Transfer pricing methods

Article 10 of the executive instructions requires taxpayers to apply any of the transfer pricing methods according to the international accounting standards, provided that the indicated terms and conditions are adhered to. The applicable transfer pricing methods are comparable uncontrolled price method, resale price method, cost plus method, transactional net margin method, and transactional profit split method.

In addition, Article 10 also provides certain obligations for taxpayers, such as the determination of reasons behind the application of the transfer pricing methods as well as hypotheses followed while applying the transfer pricing methods. Also, upon applying the transfer pricing methods, taxpayers are obliged to follow the same transfer pricing method for succeeding years.

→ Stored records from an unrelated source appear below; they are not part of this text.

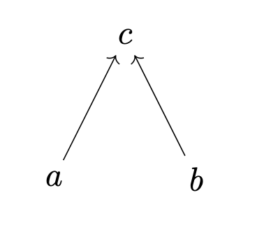 If you think of the arrows as legs, and move back and forth quickly between the two images, it looks like a body walking on two legs. if universal means system plan, then whole system following the plan while changing. But even though the forms are different, the system is always sticking to the group-level plan defined by the universal property indicated by the presence of a maximum element, c. So universal properties indicate a means by which a system can adjust its form to meet various challenges while maintaining a shared plan.
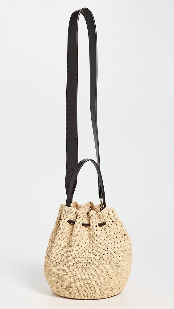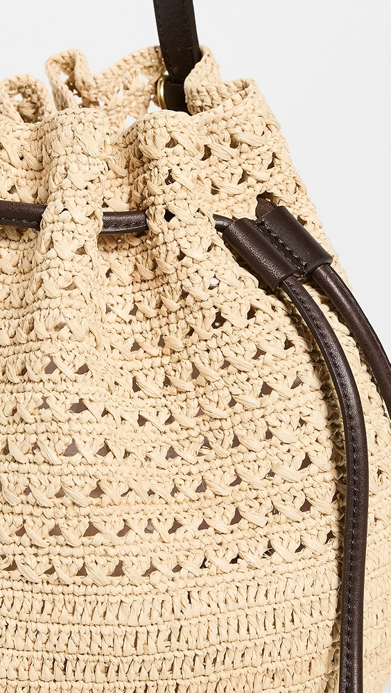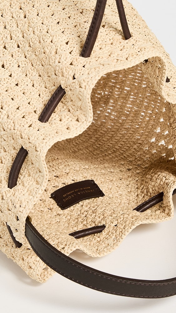 Raffia Old-tone hardware Leather trim and top handle Slouchy silhouette Drawstring top Optional strap Lining: Unlined Weight: 17oz / 0.48kg Made in the USA Style #JANES30292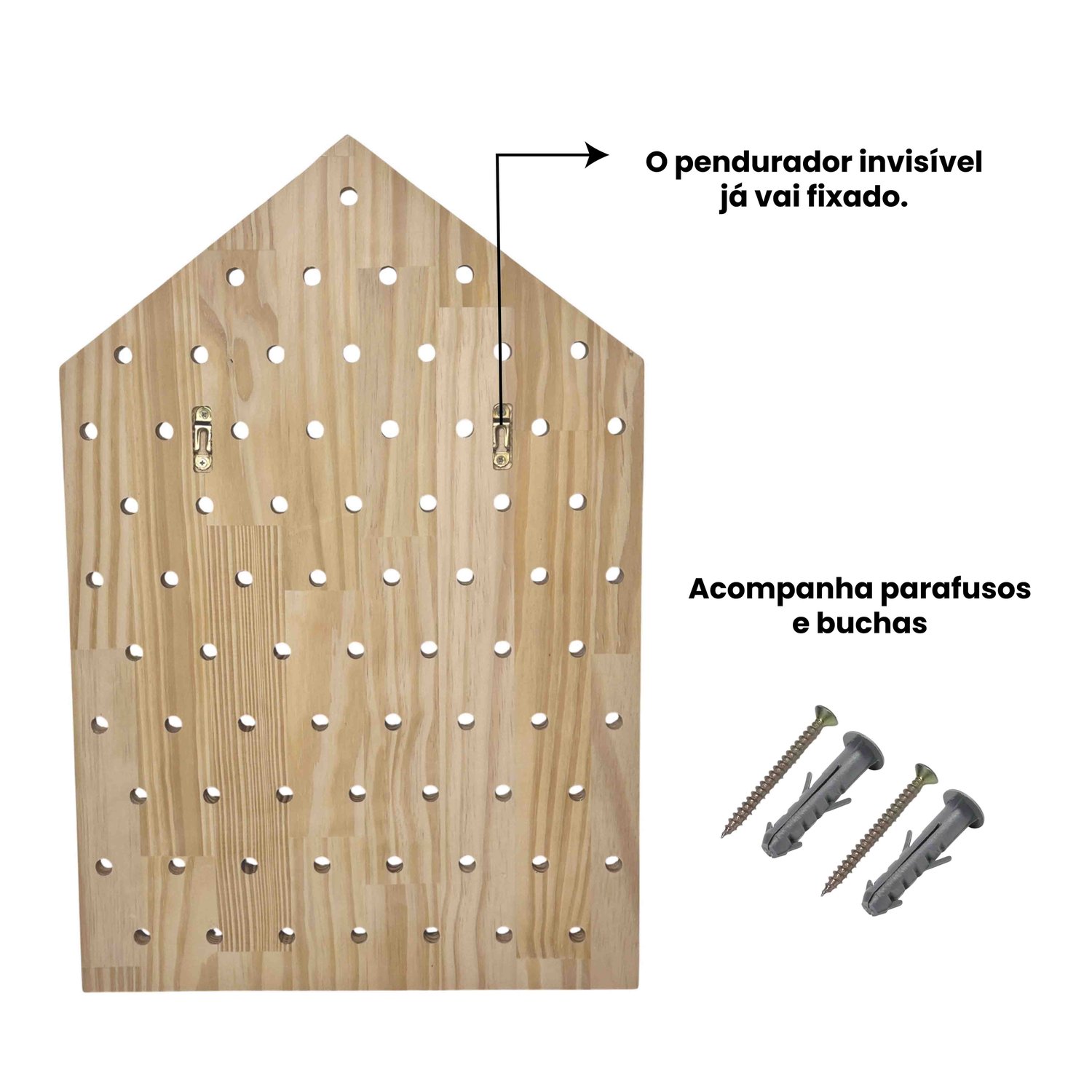 Aplicação: O Pegboard vai com pendurador invisível já fixado, para dar mais facilidade na hora de pendurar, o pegboard fica rente a parede. Por ser uma peça decorativa, não é indicado colocar peso;

Transfer pricing policies affidavit

Article 10 of the executive instructions requires taxpayers to provide a transfer pricing policies affidavit issued by a chartered accountant confirming the taxpayers’ compliance and adherence with group transfer pricing policies and its impact on the financial statements.

Concluding thoughts

Jordan’s transfer pricing rules and executive instructions have introduced transfer pricing requirements for taxpayers to comply with the arm’s length principle and additional compliance obligations.

Taxpayers in Jordan must carefully consider the applicability of the recent transfer pricing compliance requirement and start preparing for the full suite of transfer pricing compliance obligations (including the transfer pricing disclosure form, transfer pricing policies affidavit, local file, master file as well as country-by-country reporting) to ensure full compliance with the new rules. In addition, taxpayers must undertake remedial arrangements to align with the arm’s length principle for subsequent years.

—Nour Ali is a regional tax consultant at DNV, Dubai.